Skip the long commute from a hotel by renting a camper at Wilgus State Park. In the comfort of a warm and dry travel trailer rental, listen to the pitter-patter of raindrops on the roof. Birdsong provides the ambient background sound while you ready to launch on a boating trip. Wilgus State Park RV campground has 17 sites, all of which are primitive. However, there are water spigots and restrooms available. Campers can also use a dump station if need be.
Near the park office, there is WiFi available, though it can be spotty due to the dense tree cover. Leashed pets are welcomed. The park is open to RV camping between May and October.

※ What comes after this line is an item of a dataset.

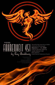 Fahrenheit 451 is the temperature at which paper ignites. With simple sets and uncomplicated staging, this powerful drama is about the inner struggle of Guy Montag, a fireman. Montag has worked as a civil servant for ten years burning books, but lately he has become increasingly unsure about what he is doing and about his vegetable-like existence. It is not until he meets 16-year-old Clarisse, who is filled with strange ideas, that he is led into a dangerous and highly combustible situation. Now he must choose between continuing his nonexistent existence and risking everything for the right to think.
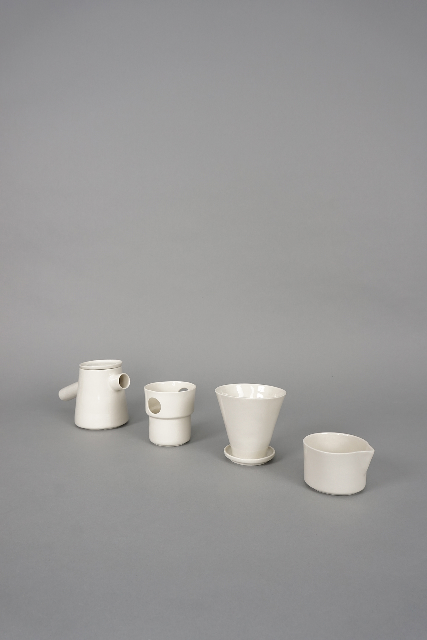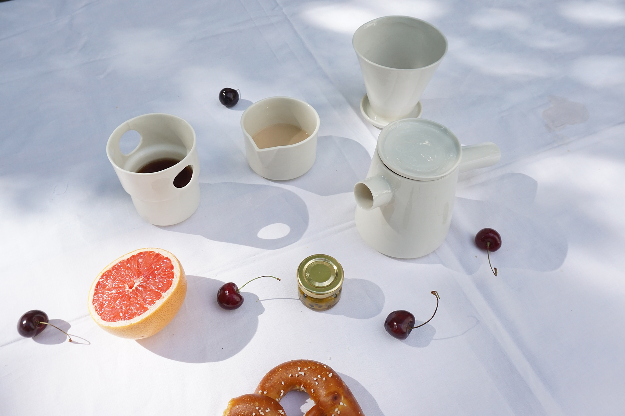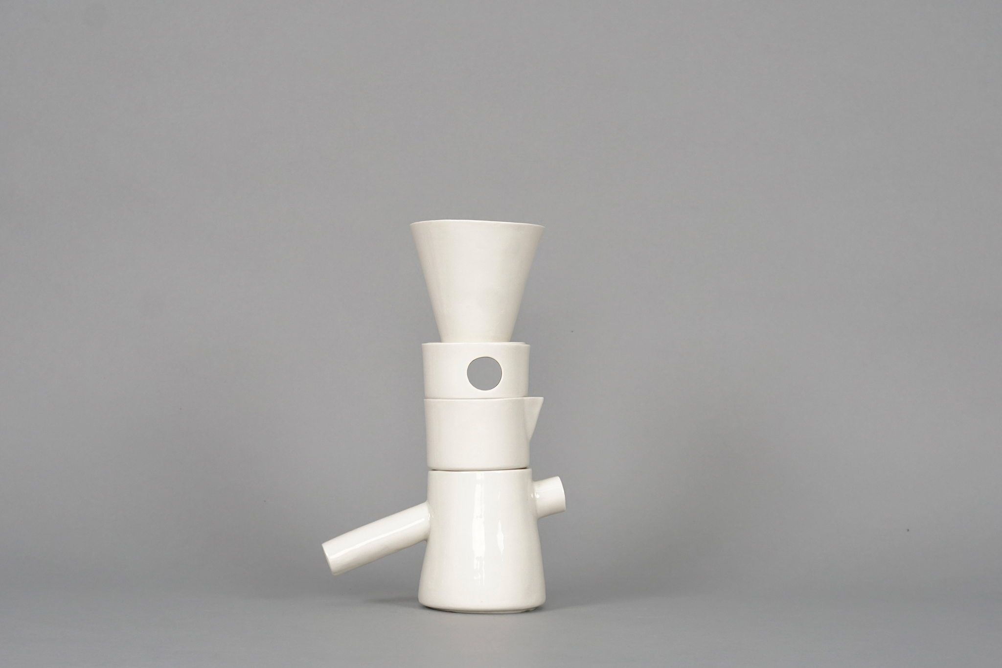 The Pioupiou project was born from the desire to create a contemporary porcelain figurine, inspired by two archetypes of porcelain objects, the tea set and the bird figurines that used to be found on well-arranged tables to show the beauty of nature. My idea was to merge these two archetypes to create a service that would not be presented on a tray (horizontally) but could be stacked to create a vertical figurine. It is a different way to consider everyday objects. Using the stacking, not as a simple way to store, to optimize closet space but as a possibility to give a sculptural look to these objects. Instead of hiding them behind a door, what if they were left in the room for all to see as a figure of the house ? By stacking these everyday objects, we obtain something more fragile, refined, which must be handled with more care, something that echoes the classic figurine.

Hop into a motorhome rental and join the thousands of other leaf peepers roaming the winding roads of Vermont. Head up north, following the contours of Connecticut River and explore the charming mountain towns and its various attractions along the way. In Windsor, VT is an unusual garden called the Path of Life Sculpture Garden. Visitors study or meditate on the sculptures along their journey into the garden. Just across the river, the Saint-Gaudens National Historical Park, the home of famed artist Augustus Saint-Gaudens, in Cornish, NH, is open to the public for guided tours.
The subject of a running gag for decades, a monument for Phineas Gage, is found in Cavendish. A 43-inch-long rod penetrated Gage’s skull in an accident, and he lived to tell the tale. Vermont is famous for its maple syrup, and there are several sugarhouses and farms in the area open to visitors. Maple Sugar and Vermont Spice near Rutland is both a restaurant and a working sugarhouse. Try breakfast delicacies with genuine maple syrup and tour the sugarhouse as they boil maple syrup and make candies on-site.
At the end of a long day of adventuring, kick up your heels outside a rental RV, and enjoy the crackle of a campfire as the sun dips beyond the horizons.